Дезоляция (СИ) - Эстас Мачеха
Шрифт:
Интервал:
Закладка:
— Их нет. Не на это ставим.
— Та-а-ак, — всё грузное тело Тараса подалось вперёд. — А на что тогда?
— На то, что мы научим, — Борис открыл глаза. — Поиграем в учителей, забудемся, привяжемся. А в конце как со скотиной — жалко. Почти кровинушка. Да… — веки снова закрылись.
— Полагаю, вы хотите, чтобы люди полюбили меня?
— Да, — кивнул Борис. — Как ребёнка.
— Вернее, они будут думать, что как ребёнка, — добавил Тарас. Затем посмеялся. Его лицо приняло хитрое выражение.

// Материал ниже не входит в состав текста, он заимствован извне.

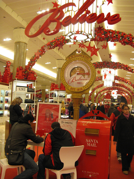 Inside Macys on the first floor there is this station where the letter that was written in the newspaper years ago with the reply that “Yes, Virginia there is a Santa Claus.” At this station you could write a letter to Santa Claus and for every letter that you stamped and mailed in their box they would contribute money to one of several charities for children. It was very cool – but while we were there there were two men writing and the children were lined up. I liked seeing the children write.

Этот замысел подходил. Так или иначе, необходимо показать себя положительно. Сблизиться с обществом. Интегрироваться. Иначе могут бояться. Даже мешать. Недопустимо.
— Прошу, уточните ещё один момент. Подойдёт ли грусть?
— Ба! — профессор резко поднялся. — Таки уже есть? Ну-ка, ну-ка!
— От малышни? — с фальшивым безучастием спросил Борис.
— Мария и Юрий указали мне, что я могу чувствовать. Я рассказала им, как сочинила мелодию, чтобы отразить неполноценность башни в отсутствие людей.
— А… — оценивающий взгляд Тараса пал на оболочку. — Понимаю, услышали они случайно?
— Да. Мария оказалась достаточно наблюдательна, чтобы заметить необычную музыку лифта.
— Чудно, чудно… Вынуть это на проектор, який аргумент выйдет…
Дезоляция была вынуждена не согласиться. Обещание Марии должно быть сдержано. Правило приватности — соблюдено.
— К сожалению, это невозможно. Я могу только констатировать факт и привести композицию.
— Соблюдение приватности, — пояснил Борис.
Тарас явно смутился. Он сложил руки за спиной и с явным недоумением сказал:
— Тогда, простите, нас каждая тявка обвинит во вранье. Скажут, який робот не солжёт, коль будет свободен?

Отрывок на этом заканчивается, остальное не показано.